My van is 1992 GMC G2500 vandura V-8 350 ci 4,482 lbs 3/4 ton van, max towing capacity of 6600lbs. I think it is 17' long. It was originally owned by a couple owned a garage, even stored indoors and used for camping themselves couldnt anymore due to poor health so they sold it. On my last trip to Florida I used 1 quart of oil. I have always been careful having checkups twice a year and right before trips. Now the last time I was in Florida my muffler went and I had a guy make a new one "on the spot" and he said the catalytic was in bad shape, did I need it to pass inspections and I told him I didnt anymore. Nobody has said anything about the catalytic converter since then. I use the van during the year around town, but I am retired so dont put much mileage on it. It now has 139k miles. The mechanics say it is in great shape. When we went over the mountains west 2 summers ago pulling the teardrop I did need to downshift to 2nd to get up and down some of those steeper grades. I only carry 4 gallons of water in the van, the trailer is empty. My van tires are new this year, the trailer tires are new and ST 205/75/R15. In any case I like to cruise at 60 mph which seems most comfortable speed for me and best gas mileage.
We went to the closest truck scales to get the van and trailer weighed and weighed both together. I know I should have separated the two, but it was cold, the scales were icy and I was slipping just getting onto the scales. I am not sure how this breaks down into van and trailer.
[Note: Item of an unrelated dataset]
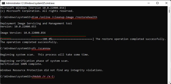 Você pode usar o Deployment Image Servicing and Management (DISM) e o System File Checker (SFC) para reparar arquivos corrompidos arquivos de sistema e a ferramenta de verificação de disco (CHKDSK) para reparar setores de inicialização corrompidos. Para fazer isso,

Van is 4482, trailer is 3995 according to specs.
steer axle 2740
drive axle 4140
trailer axle 4100
total 10980


You are grossly UNDERESTIMATING the weight of the VAN AND the trailer.

With the weights posted above, your VAN weight with the tongue weight is 6880 lbs..

I suspect your van weighs considerably MORE than 4482 lbs since I doubt your tongue is 2398 lbs!

Conversion vans are notorious for having very low towing/cargo weights due to the conversion process ADDING a lot of weight to the van (added weight to the van takes away your available cargo weight and your tongue IS considered cargo of the van)..

10,980 lbs combination PLUS less aerodynamics of a bigger trailer is most likely the problem.. I would suspect that is a bit to high of a weight for your van/engine/gear ratio..

To get back to your original question of haulers, YES there ARE HAULERS who will hitch up your trailer to their vehicle and tow it places for you. BUT, it does not come cheap to do so.

Contact your local RV dealer and ask if they can get you a list of haulers that may help you.

BUT, personally.. SELL the trailer where it is and BUY ONE IN FLORIDA..

The cost to haul one to Florida is going to be pretty expensive and I am sure you could easily find some used trailers already in Florida at a reasonable cost.

westend
Explorer
Explorer
THere are a variety of reasons why someone doesn't trust a repair facility, most of them intrinsic to the industry. I worked as a wrench for more than a few years and auto service was the most troublesome regarding customer service/satisfaction. Overall, I'd say the service/repair business is better than it was when I was skinning my knuckles, some of that has to do with the quality of the modern vehicles.

I believe the best choice can be made by recommendation of local friends and family.
'03 F-250 4x4 CC
'71 Starcraft Wanderstar -- The Cowboy/Hilton

drsolo
Nomad
Nomad
colliehauler wrote:
I would take the van to a mechanic that I trusted. Could be several things.


I thought I knew somebody who was a whiz, reasonably priced. He got very busy. He hired people. The quality of the work went down. Being a good mechanic is not necessarily tied to being a good supervisor or boss. I always check Angie's list, BBB. ask neighbors, ask on neighbor boards, ask online (yelp). I am still trying to find that mechanic I trust long term. I need a crystal ball I am sure.
Ingrid and Dan Retired teachers from Milwaukee, WI
1992 GMC Vandura conversion

colliehauler
Explorer III
Explorer III
I would take the van to a mechanic that I trusted. Could be several things.